What you are asked to do: Copy each entry below verbatim. Skip the pictures.

START Input

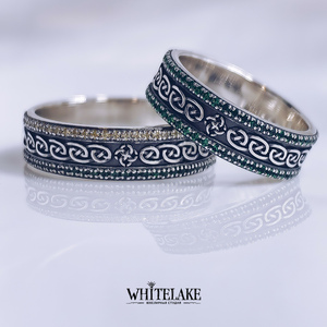 WHITELAKE Обручальные кольца с символом Свадебника Обручальные кольца с символом Свадебника - на заказ. Изготовление эксклюзивных колец в ювелирной студии Whitelake с доставкой по России. Создаем уникальные ювелирные украшения по своим и вашим эскизам из золота, платины и серебра с драгоценными и полудрагоценными камнями и гравировкой.
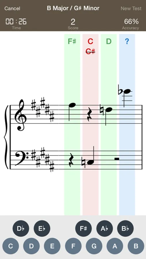 B Flat remembers misread notes and will display them more often. This increases the learning effect.
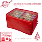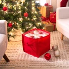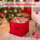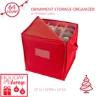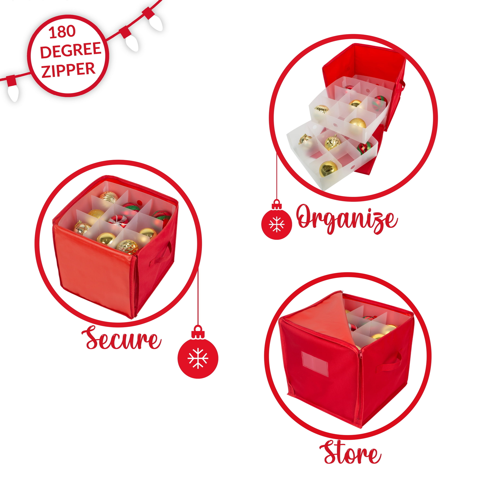 This 27-Count Polyester Ornament Organizer is a perfect Christmas or holiday accessory to keep around the home! Helps keep up to 27 ornaments safely stowed away until the next holiday season! The stackable design with Velcro fasteners keeps storage boxes in place. Comes with handles for easy carrying and a zipper-lid closure for protection. Supportive clear dividers help protect and organize ornaments up to 4" wide each. Safely stow away your precious ornaments until next holiday season. 27 Count Stackable Christmas Ornament Storage Box, Red Dimensions: 12"x 12"x 12" Comes in red finish Protects and organizes Christmas or holiday ornaments during the off-holiday season Easy-carry handles for transport Fits ornaments up to 4 in. diameter Supportive stacking dividers included 180 degree zipper for ease of use Stackable design with Velcro fasteners to help keep storage boxes in place Clear divider trays make ornaments easy to view and carry
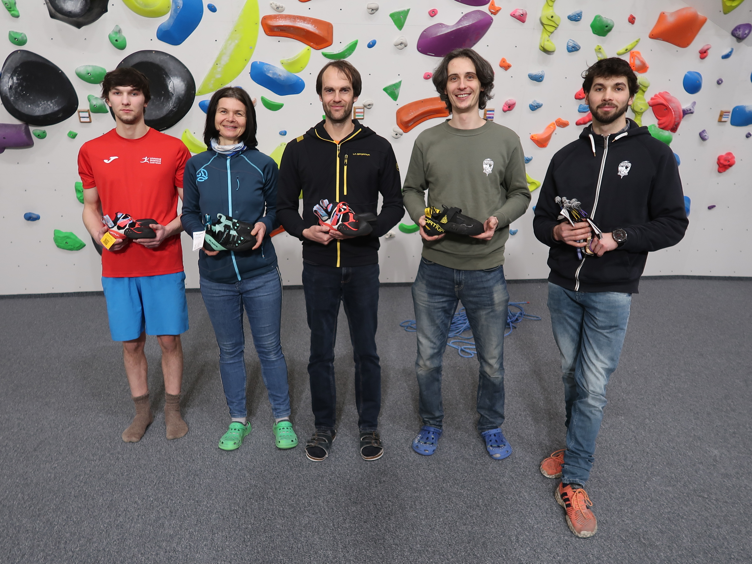 Ako poďakovanie za reprezentáciu klubu sme im odovzdali symbolickú pozornosť – nové lezečky a lezecký materiál. Zároveň sme spolu diskutovali o možnostiach, ako sa môžu zapojiť do zlepšovania tréningového procesu našich detí a mládeže.
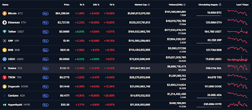 加密货币市场今日呈现看跌趋势,比特币在过去一周下跌13.09%。以太坊同期下跌14.83%,现报2,727.58美元。瑞波币周内跌幅达16.75%,Solana过去24小时重挫11.57%。市场普遍呈现下行态势,多数代币触及数月低点。
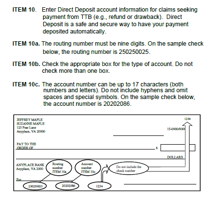 In response to E.O. 14247, on form TTB F 5620.8, TTB is making minor changes to Item 10 and its related instructions to require respondents to provide direct deposit information for claims made seeking payment from TTB (e.g. refund or drawback of tax). For claims involving drawback or refund of tax, Item 10 previously displayed a parenthetical note that Direct Deposit was optional. Item 10 will now display a note that Direct Deposit is “for refund/drawback.” This eliminates the respondent’s option to receive a paper check for such payments. Items 10a, 10b, and 10c, which collect the claimant’s bank routing number, type of account (checking or savings), and their account number remain unchanged. TTB also is revising the instruction for Item 10 to state that the respondent must enter their direct deposit information when filing a claim seeking payment from TTB. The instructions for Items 10a, 10b, and 10c remain the same as on the previous edition of the form but, for clarity, TTB has placed the figure showing the location of bank routing and account number on a check after the instructions for Item 10c rather than before that instruction.
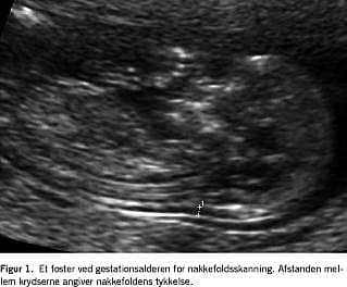 Ved nakkefoldsskanning måles den tynde væskeansamling, alle fostre har under huden i nakkeregionen (Figur 1 ). Det har vist sig, at jo tykkere denne væskebræmme er, desto større er risikoen for, at fosteret har Downs syndrom. Også andre kromosomanomalier og strukturelle misdannelser hos fosteret er associeret med en tyk nakkefold. Nakkefolden alene som screeningsmarkør har en DR på 70% ved en FPR på 5% [24]. Nakkefoldens tykkelse er ligesom serummarkørerne afhængig af fosterets GA, og angives derfor normalt i MoM.
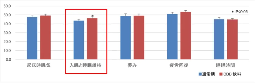 CBD飲料摂取期間の方が入眠と睡眠の維持の項目において有意にスコア改善
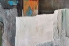 The palette of the painting is complex and multilayered. In the lower part, muted shades of white, gray, and pale blue dominate, creating the impression of old, weathered walls or architectural fragments. These light tones stand out due to their volume.
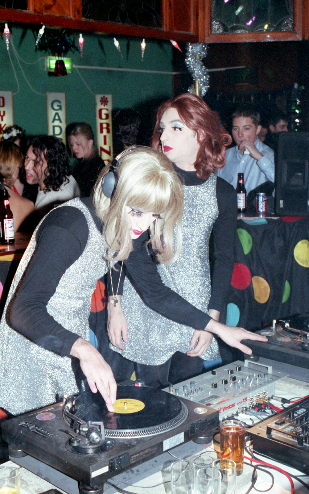 * TWA at Vague, Leeds, 1994 depicts the DJ duo Trannies With Attitude who regularly played at Vague club in Leeds. As the name includes an outdated term that is now considered a slur and to be offensive, we have made the decision not to use it in exhibition material.
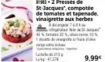 Le prix de l'offre 2 Pressés de St-Jacques, compotée de tomates et tapenade, vinaigrette aux herbes se trouve également en haut de la page, ainsi que la date à laquelle l'offre est disponible. Vous pouvez également vérifier les prix dans le Catalogue Thiriet actuel ou sur le site Internet de Thiriet. Les offres vous permettent d'acheter les produits Thiriet au prix le plus bas.
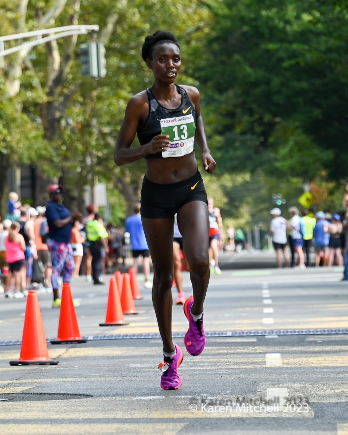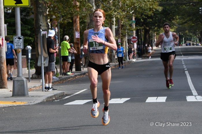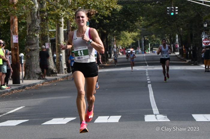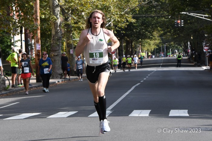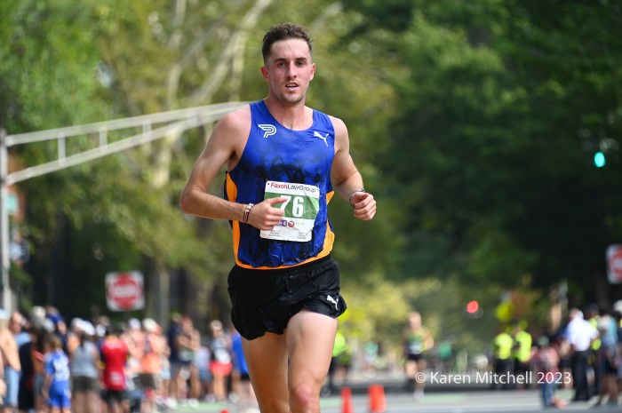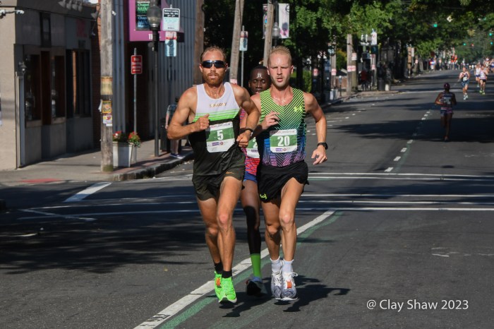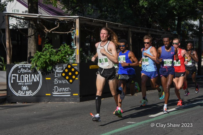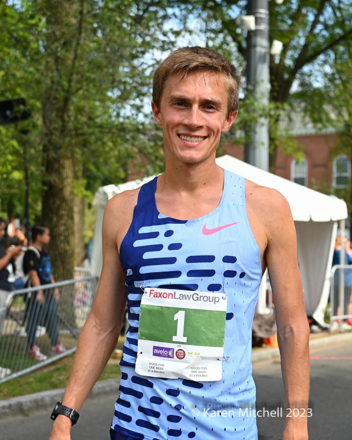 September 4, 2023, Faxon Law New Haven Road Race, New Haven, CT—Clayton Young and Conner Mantz, training partners from Provo, Utah, came to the 46th Faxon Law New Haven Road Race, the USATF 20k Championships. The pair had an exciting sprint to the finish, in which they seemed to hit the finish banner at the same time. For a few minutes, it was unclear who actually won. Young won in 59:15 and Mantz was second in 59:16. Sam Chelanga of Colorado Springs was third in 59:26. Daniel Mesfun of Flagstaff, AZ was fourth in 59:32. Futsum Zienasellassie, also of Flagstaff, was fifth in 59:36. Seven men broke the hour mark in hot and humid weather.
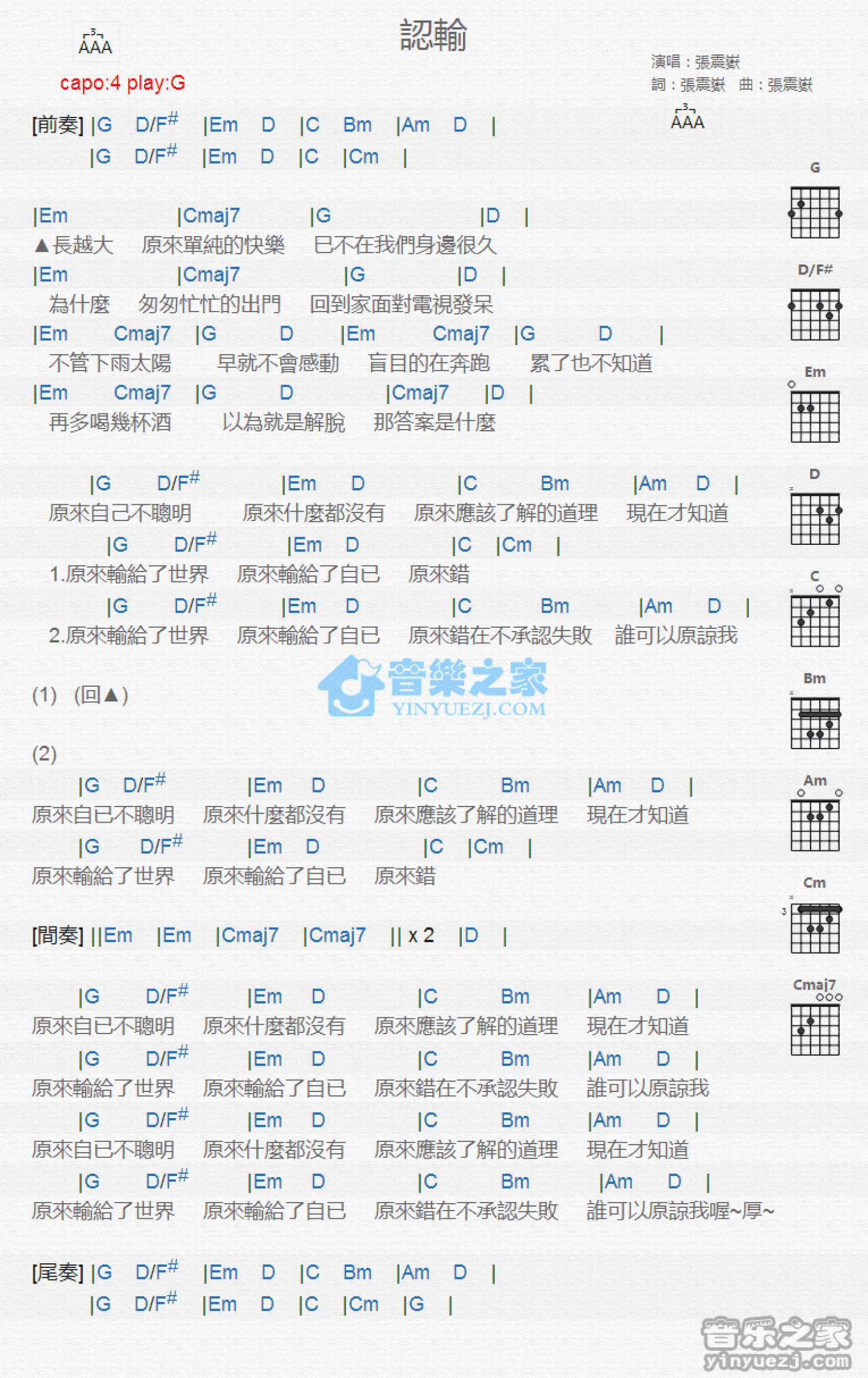 曲谱介绍: G调版《认输》吉他和弦弹唱谱

END Input

Result below:
 WHITELAKE Обручальные кольца с символом Свадебника Обручальные кольца с символом Свадебника - на заказ. Изготовление эксклюзивных колец в ювелирной студии Whitelake с доставкой по России. Создаем уникальные ювелирные украшения по своим и вашим эскизам из золота, платины и серебра с драгоценными и полудрагоценными камнями и гравировкой.
 B Flat remembers misread notes and will display them more often. This increases the learning effect.
 This 27-Count Polyester Ornament Organizer is a perfect Christmas or holiday accessory to keep around the home! Helps keep up to 27 ornaments safely stowed away until the next holiday season! The stackable design with Velcro fasteners keeps storage boxes in place. Comes with handles for easy carrying and a zipper-lid closure for protection. Supportive clear dividers help protect and organize ornaments up to 4" wide each. Safely stow away your precious ornaments until next holiday season. 27 Count Stackable Christmas Ornament Storage Box, Red Dimensions: 12"x 12"x 12" Comes in red finish Protects and organizes Christmas or holiday ornaments during the off-holiday season Easy-carry handles for transport Fits ornaments up to 4 in. diameter Supportive stacking dividers included 180 degree zipper for ease of use Stackable design with Velcro fasteners to help keep storage boxes in place Clear divider trays make ornaments easy to view and carry
 Ako poďakovanie za reprezentáciu klubu sme im odovzdali symbolickú pozornosť – nové lezečky a lezecký materiál. Zároveň sme spolu diskutovali o možnostiach, ako sa môžu zapojiť do zlepšovania tréningového procesu našich detí a mládeže.
 加密货币市场今日呈现看跌趋势,比特币在过去一周下跌13.09%。以太坊同期下跌14.83%,现报2,727.58美元。瑞波币周内跌幅达16.75%,Solana过去24小时重挫11.57%。市场普遍呈现下行态势,多数代币触及数月低点。
 In response to E.O. 14247, on form TTB F 5620.8, TTB is making minor changes to Item 10 and its related instructions to require respondents to provide direct deposit information for claims made seeking payment from TTB (e.g. refund or drawback of tax). For claims involving drawback or refund of tax, Item 10 previously displayed a parenthetical note that Direct Deposit was optional. Item 10 will now display a note that Direct Deposit is “for refund/drawback.” This eliminates the respondent’s option to receive a paper check for such payments. Items 10a, 10b, and 10c, which collect the claimant’s bank routing number, type of account (checking or savings), and their account number remain unchanged. TTB also is revising the instruction for Item 10 to state that the respondent must enter their direct deposit information when filing a claim seeking payment from TTB. The instructions for Items 10a, 10b, and 10c remain the same as on the previous edition of the form but, for clarity, TTB has placed the figure showing the location of bank routing and account number on a check after the instructions for Item 10c rather than before that instruction.
 Ved nakkefoldsskanning måles den tynde væskeansamling, alle fostre har under huden i nakkeregionen (Figur 1 ). Det har vist sig, at jo tykkere denne væskebræmme er, desto større er risikoen for, at fosteret har Downs syndrom. Også andre kromosomanomalier og strukturelle misdannelser hos fosteret er associeret med en tyk nakkefold. Nakkefolden alene som screeningsmarkør har en DR på 70% ved en FPR på 5% [24]. Nakkefoldens tykkelse er ligesom serummarkørerne afhængig af fosterets GA, og angives derfor normalt i MoM.
 CBD飲料摂取期間の方が入眠と睡眠の維持の項目において有意にスコア改善
 The palette of the painting is complex and multilayered. In the lower part, muted shades of white, gray, and pale blue dominate, creating the impression of old, weathered walls or architectural fragments. These light tones stand out due to their volume.
 * TWA at Vague, Leeds, 1994 depicts the DJ duo Trannies With Attitude who regularly played at Vague club in Leeds. As the name includes an outdated term that is now considered a slur and to be offensive, we have made the decision not to use it in exhibition material.
 Le prix de l'offre 2 Pressés de St-Jacques, compotée de tomates et tapenade, vinaigrette aux herbes se trouve également en haut de la page, ainsi que la date à laquelle l'offre est disponible. Vous pouvez également vérifier les prix dans le Catalogue Thiriet actuel ou sur le site Internet de Thiriet. Les offres vous permettent d'acheter les produits Thiriet au prix le plus bas.
 September 4, 2023, Faxon Law New Haven Road Race, New Haven, CT—Clayton Young and Conner Mantz, training partners from Provo, Utah, came to the 46th Faxon Law New Haven Road Race, the USATF 20k Championships. The pair had an exciting sprint to the finish, in which they seemed to hit the finish banner at the same time. For a few minutes, it was unclear who actually won. Young won in 59:15 and Mantz was second in 59:16. Sam Chelanga of Colorado Springs was third in 59:26. Daniel Mesfun of Flagstaff, AZ was fourth in 59:32. Futsum Zienasellassie, also of Flagstaff, was fifth in 59:36. Seven men broke the hour mark in hot and humid weather.
 曲谱介绍: G调版《认输》吉他和弦弹唱谱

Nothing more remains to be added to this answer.